Tsang et al (2017) recommended 30–50 measurements for the initial assessment of new translations. Accordingly, 60 study participants were recruited; these were healthy, native Arabic speakers aged 18–40 years, representing a homogeneous population consistent with standard validation practices for pilot studies.20 This was done based on recommendations of Beaton et al (2000) and Sousa & Rojjanasrirat (2011) to reduce confounding variables and improve internal validity by ensuring that the observed differences were attributable to the instrument itself rather than confounding factors related to age.18,21 The exclusion criteria included contact lens use, history of systemic or ocular diseases, refractive surgery, and eyelid conditions affecting the ocular surface. An objective refraction was performed using a Topcon KR-800 autorefractor to determine the spherical equivalent refractive error for each participant prior to questionnaire administration.

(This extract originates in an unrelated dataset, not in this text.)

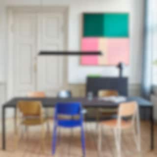 Den här taklampan, designad av Pierre Charpin, är den senaste varianten i serien PC från Hay där den passar väl in med sin enkla och eleganta profil. Skärmen är tillverkad av sammanpressad aluminium med våtsprejad finish. Utformningen är perfekt för att placera över ett matbord eller en köksö men fungerar också väl över skrivbord eller hyllor i offentliga miljöer.

The Arabic CVSS-17 was administered across 2 sessions conducted 2–5 days apart. Participants completed questionnaires independently without assistance. Disease severity was determined based on the total score, with higher levels indicating greater severity: Level 1 (17–22), Level 2 (23–28), Level 3 (29–35), Level 4 (36–42), and Level 5 (43–53).13 Participants provided written informed consent, with the right to withdraw maintained throughout. The study was conducted in accordance with the tenets of the Declaration of Helsinki and was approved by the Institutional Review Board, King Saud University (approval number: E-23-7931).

Statistical Analysis

Descriptive statistics included means, standard deviations, medians, interquartile ranges, and skewness. Floor and ceiling effects >15% were considered problematic in terms of discriminative ability.22 Internal consistency was evaluated using Cronbach’s alpha and 95% CIs, with ≥0.7 considered adequate.23 Item–total correlations were calculated to assess the individual contributions of each item to scale reliability. Test–retest reliability was assessed using intraclass correlation coefficients (ICC) and Spearman correlations with the corresponding interpretations: very low, ≤0.2; low, 0.2–0.4; moderate, 0.4–0.6; good, 0.6–0.8; and excellent, ≥0.8.24 Agreement between test sessions was evaluated via Bland–Altman analysis with a calculation of the mean difference and limits of agreement. Statistical significance was set at p < 0.05, with analyses performed using SPSS version 29.0.

Results

The questionnaire was completed by 60 participants (27 men [45%] and 33 women [55%]) with a mean age of 20.7 ± 1.3 years. The mean spherical equivalent for the right eye was −0.92 ± 1.90 diopters, indicating mild myopia. The average daily digital device usage was 5.5 ± 2.9 hours, with a cumulative experience of 9.7 ± 4.5 years and a short average rest time of 1.3 ± 2.2 hours.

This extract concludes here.